WHAT TO DO: Down to the last line, print the data that follows exactly, without its pictures.

DATA BLOCK:
○ ○ ○ ○
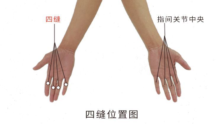 3、《针灸经验方》:“四缝,左右十六穴,在手四指内中节横纹紫脉是。针出血。”
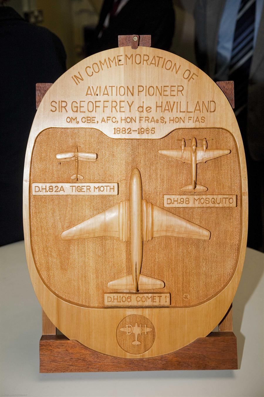 Two commemorative plaques, created by the Hatfield Branch of the Royal Aeronautical Society, were unveiled by Sir Geoffrey de Havilland’s granddaughter, Anne Essex, at the Hatfield College Lane Campus of the University of Hertfordshire on Wednesday 22nd September 2010. One plaque is a metal plate noting just some of the notable de Havilland “firsts”, initiated by Mike Ramsden some time ago. The other is a superb bas-relief carving in lime wood by Stan Kimm. It features the Tiger Moth, Mosquito and Comet airliner, and is seen here at the moment of unveiling. Anne was accompanied by her husband John Essex.
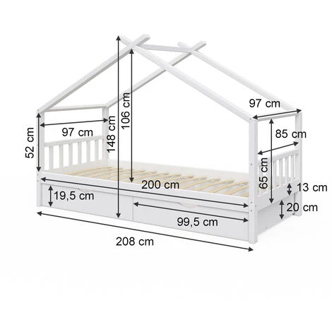- Ce lit pour enfant mesure 208 x 146 x 97 cm (l x h x p).
○ ○ ○ ○
EXPECTED ANSWER:
 3、《针灸经验方》:“四缝,左右十六穴,在手四指内中节横纹紫脉是。针出血。”
 Two commemorative plaques, created by the Hatfield Branch of the Royal Aeronautical Society, were unveiled by Sir Geoffrey de Havilland’s granddaughter, Anne Essex, at the Hatfield College Lane Campus of the University of Hertfordshire on Wednesday 22nd September 2010. One plaque is a metal plate noting just some of the notable de Havilland “firsts”, initiated by Mike Ramsden some time ago. The other is a superb bas-relief carving in lime wood by Stan Kimm. It features the Tiger Moth, Mosquito and Comet airliner, and is seen here at the moment of unveiling. Anne was accompanied by her husband John Essex.
- Ce lit pour enfant mesure 208 x 146 x 97 cm (l x h x p).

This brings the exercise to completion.